Exact copies of all the lines below are wanted, without a single picture.

Supplied material
*** Begin section ***

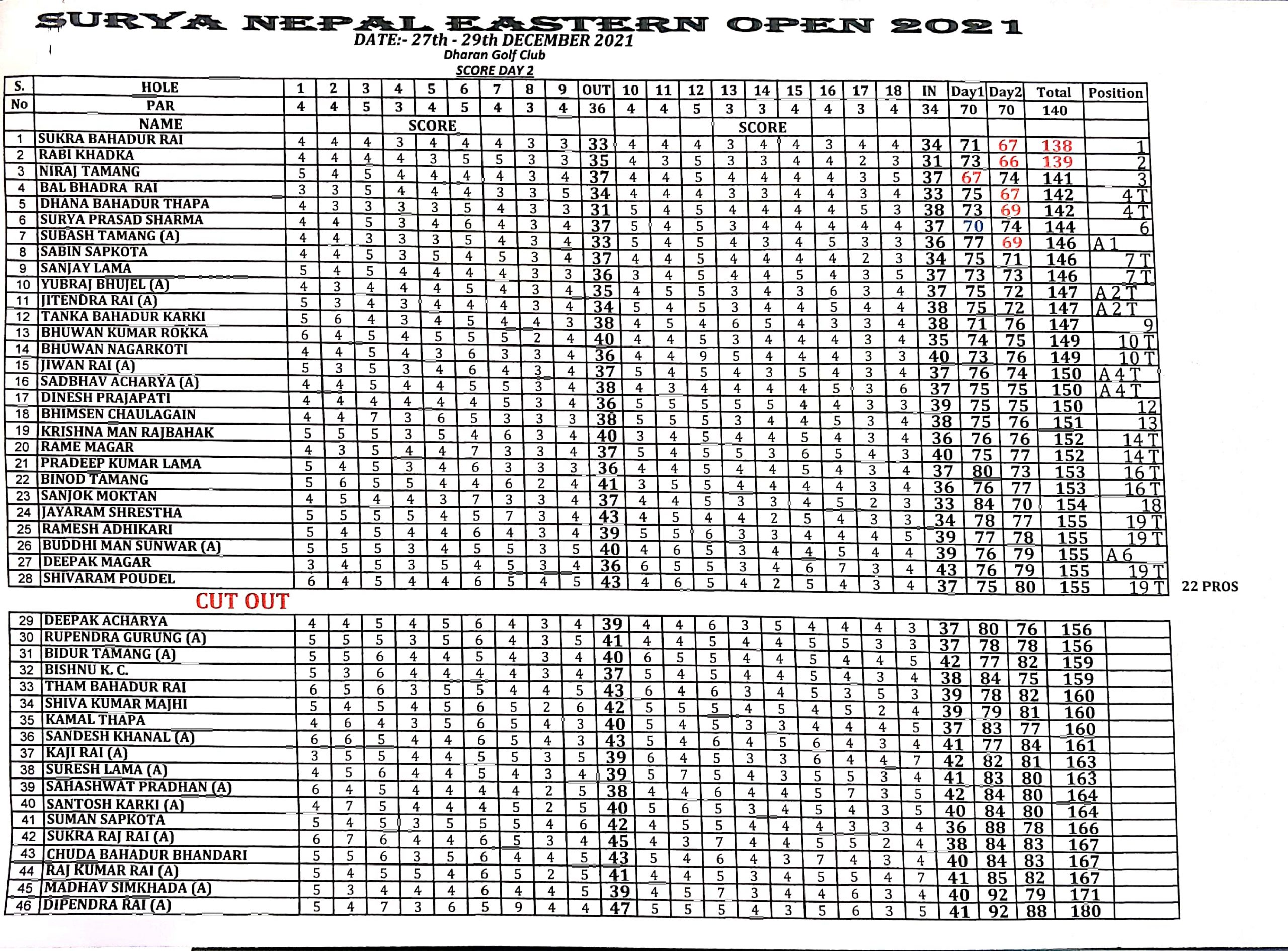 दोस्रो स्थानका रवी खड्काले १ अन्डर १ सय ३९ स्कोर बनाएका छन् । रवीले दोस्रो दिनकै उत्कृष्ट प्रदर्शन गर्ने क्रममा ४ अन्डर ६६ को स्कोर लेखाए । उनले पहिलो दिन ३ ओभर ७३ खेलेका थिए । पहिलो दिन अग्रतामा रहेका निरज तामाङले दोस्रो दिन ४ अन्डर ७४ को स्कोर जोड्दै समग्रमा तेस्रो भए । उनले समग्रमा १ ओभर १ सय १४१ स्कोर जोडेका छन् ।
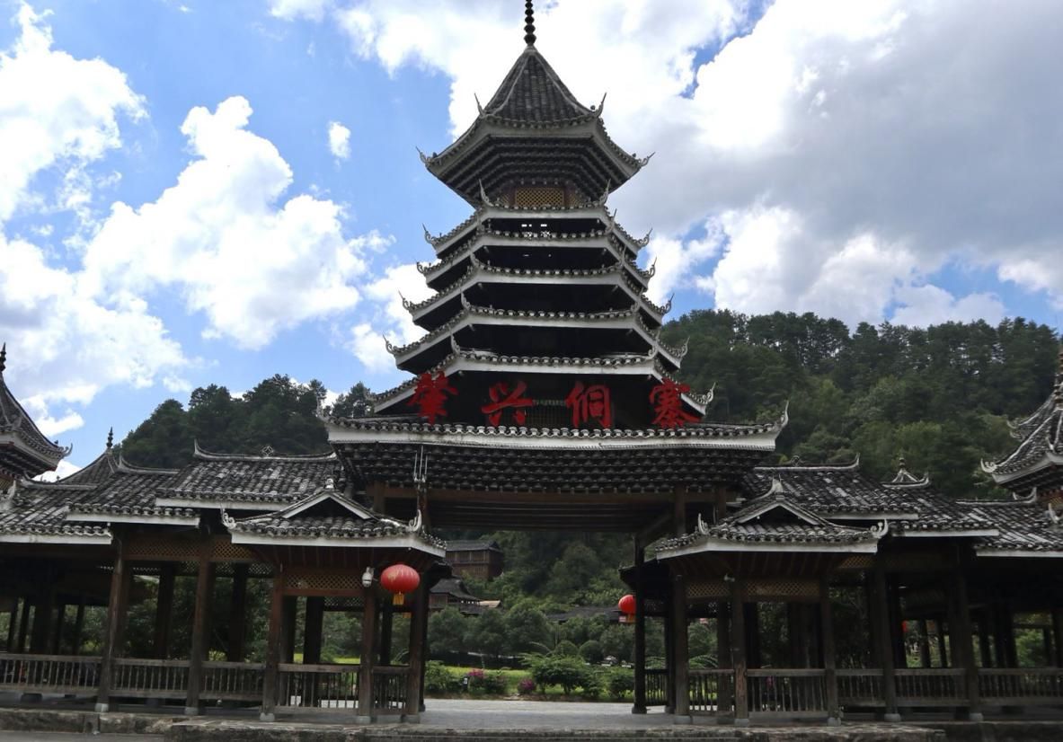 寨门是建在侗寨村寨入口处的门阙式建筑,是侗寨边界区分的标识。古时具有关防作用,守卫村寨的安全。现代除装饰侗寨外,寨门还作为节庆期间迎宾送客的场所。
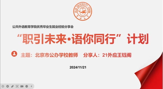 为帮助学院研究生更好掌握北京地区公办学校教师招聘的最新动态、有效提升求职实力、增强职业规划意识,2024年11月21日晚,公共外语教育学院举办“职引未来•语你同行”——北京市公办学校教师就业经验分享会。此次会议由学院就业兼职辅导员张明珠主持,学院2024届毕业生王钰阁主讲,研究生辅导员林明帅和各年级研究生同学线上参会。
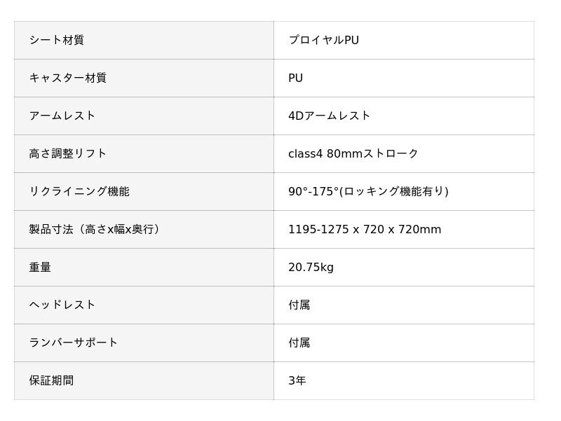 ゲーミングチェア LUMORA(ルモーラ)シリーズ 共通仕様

*** End section ***

Task result
 दोस्रो स्थानका रवी खड्काले १ अन्डर १ सय ३९ स्कोर बनाएका छन् । रवीले दोस्रो दिनकै उत्कृष्ट प्रदर्शन गर्ने क्रममा ४ अन्डर ६६ को स्कोर लेखाए । उनले पहिलो दिन ३ ओभर ७३ खेलेका थिए । पहिलो दिन अग्रतामा रहेका निरज तामाङले दोस्रो दिन ४ अन्डर ७४ को स्कोर जोड्दै समग्रमा तेस्रो भए । उनले समग्रमा १ ओभर १ सय १४१ स्कोर जोडेका छन् ।
 寨门是建在侗寨村寨入口处的门阙式建筑,是侗寨边界区分的标识。古时具有关防作用,守卫村寨的安全。现代除装饰侗寨外,寨门还作为节庆期间迎宾送客的场所。
 为帮助学院研究生更好掌握北京地区公办学校教师招聘的最新动态、有效提升求职实力、增强职业规划意识,2024年11月21日晚,公共外语教育学院举办“职引未来•语你同行”——北京市公办学校教师就业经验分享会。此次会议由学院就业兼职辅导员张明珠主持,学院2024届毕业生王钰阁主讲,研究生辅导员林明帅和各年级研究生同学线上参会。
 ゲーミングチェア LUMORA(ルモーラ)シリーズ 共通仕様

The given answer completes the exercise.